Alexander Movshovich, MD, PhD, a specialist in keratopigmentation, sat down to talk about the controversy surrounding the procedure after it went viral on social media.
Video Transcript
Editor's note - This transcript has been edited for clarity.
I'm Martin Harp, Associate Editor of Ophthalmology Times. I'm joined today by Dr. Alexander Movshovich from Kareto NYC. He's a doctor specializing in keratopigmentation, a procedure that's gone viral recently on social media, specifically on TikTok. It has also received quite a bit of backlash from other doctors, Dr. Movshovich, can you please tell me what is keratopigmentation?
Karetopigmentation, it's basically one of the ways of changing of the color of the eye. And, to tell you the truth, after my research, it's the most reliable and least dangerous procedure. Even the word dangerous probably not a good word for that because it's very safe.
The idea of keratopigmentation is to basically place the pigment inside of the cornea, which would hide, or shadow rather, the underlying color of the eye. To understand the volume of that, I would say the i ris is within the eye and cornea is the most external transparent part. So, when we were saying about the color change of the eyes, we have to separate all the procedures by intraocular and extraocular, all intraocular procedures are prone for intraocular complications, and obviously extraocular are not prone for them. So that's a common mistake when people say oh, you can be blind from this. You cannot be blind from that.
Keratopigmentation is different from you know, iris implants, or even scleral tattooing. But keratopigmentation does have a secondary alias on the internet, it may not be correct as eye tattooing. What do you think about when you hear people consider keratopigmentation eye tattooing?
I wouldn't even put these two things together. Number one, because tattooing implies that every time you put the dye inside of the tissue, you create a channel. So this channel allows this pigment to leak. With keratopigmentation, it's a channel which is closed.
Basically you have two small openings to enter this channel. So there is no leaking there. At least cosmetically observable. Under microscope, you can see mild leakage, which is only seen under high magnification. Tattooing of the cornea, if we're really using this term, referring to historical things. When there was no laser surgery, when it was like really, real tattooing of the cornea. And that's had all these drawbacks and possible complications, infections, and inflammation because it's multiple puncturing. Here, you don't have all this. The laser creates channel painlessly in only two small openings there.
There are two types of implants one, which is really dangerous. Really, really dangerous, 80% of them after 3 years removed. Because of the damage to the eye, either iris or the cornea and here you can have opacity, uveitis, hemorrhages, glaucoma, cataract, whatever, you name it, right.

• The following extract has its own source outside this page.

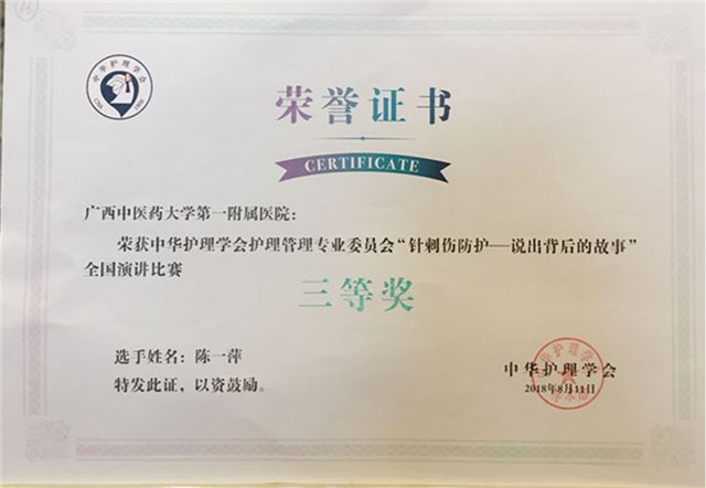 喜讯连连,捷报频传。为推动临床护理安全,营造安全文化环境,中华护理学会于8月11日在武汉举行"针刺伤防护——说出背后的故事"演讲比赛,共有来自全国31个省市的130名选手参加比赛。鸭脖一附院两名在广西赛区比赛中脱颖而出并代表广西参赛的选手周艳娜、陈一萍在全国赛中发挥出色,分别斩获二等奖和三等奖的佳绩。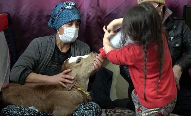 Erken doğan 'yaşamaz' denilen buzağıyı beşiğe yatırıp, biberonla besliyor

The second one which is approved right now, it's a completely different animal. It's an implant which is placed inside of the back of the lens. It's like an intraocular lens. So but in order to use this, you need to, in order to see that, you need to eliminate the iris. You basically need to chew the whole iris out. In my mind, it's pretty aggressive surgery. To me, as a surgeon, it's a little bit more aggressive than this.
So basically keratopigmentation something more similar to the LASIK or SMILE, it's just pigment in. You say, well, yeah, the pigment could be the problem. It could carry the infection. It could carry a reaction, all of this is true. But listen, so does every surgery. If you don't go with the sterility, if you don't have the purified properly, you know, proven purified and CE marked or FDA marked pigments. So it's not like tattooing like on the skin. When it's not necessarily [by] doctors not necessarily in sterile situation, not necessarily sterile pigment. It's completely different animals. It's called tattooing.
It's like I would say food. Food could be meatballs, it could be cake. It's all food right? You cannot mix these things. People in majority of articles like especially lay articles, completely mixing it.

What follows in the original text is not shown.